Thanks for the info and the warm welcome everyone. 

I'm going to pick up a G3

Was using the G2 outside tonight. There was a very slight fog and the G2 did a good job at cutting through the fog. Great little light...can't wait to see the G3!


----------



## Bullzeyebill (Oct 4, 2007)

You will like the G3. the P90 is very efficient with three CR123's or two 17500's.

Bill


----------



## junkfms (Oct 4, 2007)

Thanks Optik49

I just can't wait to get the P91 lamp for my G3:devil:


----------



## mr.squatch (Oct 5, 2007)

I now have four g2s, two g3s and two 9ps. Outstanding flashlights.
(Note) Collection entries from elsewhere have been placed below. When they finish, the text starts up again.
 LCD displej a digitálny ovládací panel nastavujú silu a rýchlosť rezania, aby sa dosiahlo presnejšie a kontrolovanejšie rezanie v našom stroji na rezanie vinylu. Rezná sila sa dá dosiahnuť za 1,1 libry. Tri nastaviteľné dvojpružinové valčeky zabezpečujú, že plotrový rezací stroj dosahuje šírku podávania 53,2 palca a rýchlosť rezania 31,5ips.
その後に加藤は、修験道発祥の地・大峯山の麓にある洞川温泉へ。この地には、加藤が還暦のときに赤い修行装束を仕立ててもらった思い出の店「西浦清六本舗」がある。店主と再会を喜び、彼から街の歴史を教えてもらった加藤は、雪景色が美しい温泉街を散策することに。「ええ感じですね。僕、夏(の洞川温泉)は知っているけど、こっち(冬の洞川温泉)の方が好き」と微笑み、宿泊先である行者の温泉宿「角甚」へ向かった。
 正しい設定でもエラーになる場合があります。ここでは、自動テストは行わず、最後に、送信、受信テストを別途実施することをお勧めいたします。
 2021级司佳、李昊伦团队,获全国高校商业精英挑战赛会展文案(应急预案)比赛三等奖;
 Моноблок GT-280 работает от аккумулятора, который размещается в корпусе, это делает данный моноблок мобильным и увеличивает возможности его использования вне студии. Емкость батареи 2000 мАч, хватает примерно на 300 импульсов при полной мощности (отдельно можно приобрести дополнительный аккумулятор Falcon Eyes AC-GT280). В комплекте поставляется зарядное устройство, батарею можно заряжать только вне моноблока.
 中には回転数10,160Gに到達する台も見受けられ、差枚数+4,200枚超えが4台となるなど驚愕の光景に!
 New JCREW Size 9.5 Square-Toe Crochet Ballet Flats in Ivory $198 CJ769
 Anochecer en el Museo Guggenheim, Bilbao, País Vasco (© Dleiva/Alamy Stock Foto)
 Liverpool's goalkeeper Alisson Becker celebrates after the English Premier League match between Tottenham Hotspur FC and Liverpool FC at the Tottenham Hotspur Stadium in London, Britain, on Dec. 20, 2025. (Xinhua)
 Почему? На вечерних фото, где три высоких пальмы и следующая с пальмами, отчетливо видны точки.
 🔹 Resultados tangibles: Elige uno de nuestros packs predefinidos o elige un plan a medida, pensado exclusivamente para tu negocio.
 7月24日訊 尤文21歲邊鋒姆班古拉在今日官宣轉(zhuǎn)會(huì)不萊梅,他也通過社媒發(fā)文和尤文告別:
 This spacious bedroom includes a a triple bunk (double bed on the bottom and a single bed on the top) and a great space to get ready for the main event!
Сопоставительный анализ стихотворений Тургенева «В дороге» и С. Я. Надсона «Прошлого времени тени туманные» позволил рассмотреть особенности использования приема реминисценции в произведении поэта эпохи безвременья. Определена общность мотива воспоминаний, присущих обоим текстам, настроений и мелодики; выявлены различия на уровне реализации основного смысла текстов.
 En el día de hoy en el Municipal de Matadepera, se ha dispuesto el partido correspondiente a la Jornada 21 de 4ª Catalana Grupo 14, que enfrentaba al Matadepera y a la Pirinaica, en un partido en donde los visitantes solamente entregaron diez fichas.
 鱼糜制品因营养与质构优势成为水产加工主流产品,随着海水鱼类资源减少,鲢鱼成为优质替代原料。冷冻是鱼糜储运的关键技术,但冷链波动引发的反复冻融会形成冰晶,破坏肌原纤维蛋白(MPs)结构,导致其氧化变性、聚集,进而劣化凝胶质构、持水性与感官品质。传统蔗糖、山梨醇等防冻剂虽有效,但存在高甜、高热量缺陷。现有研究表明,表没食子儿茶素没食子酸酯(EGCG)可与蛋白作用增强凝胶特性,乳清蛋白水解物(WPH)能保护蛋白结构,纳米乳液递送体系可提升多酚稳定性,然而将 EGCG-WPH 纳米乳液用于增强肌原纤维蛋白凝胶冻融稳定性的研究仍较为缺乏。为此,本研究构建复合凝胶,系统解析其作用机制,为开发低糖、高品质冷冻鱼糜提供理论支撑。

I burned thru enough expensive p61 and p91 bulbs to almost make me want to stop using them. For practical use the standard bulbs are more than adequate amount of light. If you must step up in output try a cree dropin from dx. For about 1/3 the price of a surefire upgrade bulb you get more runtime AND more lumens. Same cree dropin also works with all my surefires, works something like 3.7v-10v. Don't try putting a p61 into a 3cell light, it'll last 3.2 nanoseconds.  Welcome aboard the moneypit... I mean flashlight nuts forum and congrats on your surefires. 

g


----------



## junkfms (Oct 5, 2007)

mr.squatch said:


> I now have four g2s, two g3s and two 9ps. Outstanding flashlights. I burned thru enough expensive p61 and p91 bulbs to almost make me want to stop using them. For practical use the standard bulbs are more than adequate amount of light. If you must step up in output try a cree dropin from dx. For about 1/3 the price of a surefire upgrade bulb you get more runtime AND more lumens. Same cree dropin also works with all my surefires, works something like 3.7v-10v. Don't try putting a p61 into a 3cell light, it'll last 3.2 nanoseconds.  Welcome aboard the moneypit... I mean flashlight nuts forum and congrats on your surefires.
> 
> g


 
ahh...that's new to me. thanks for that info mr.squatch


----------



## Siskik (Oct 5, 2007)

I have to agree with mr. squatch. The P60 gives plenty of light for practical uses. The P90 throws just a bit farther and the hot spot is actually a little elliptical in shape due to the filament shape (there's more filament). So, you'll save on batteries and still have nice flood and throw with the P60 in your G2. (Also, the P60 is only $17)

Hope this helps.

It won't. You know your gonna buy the G3.


----------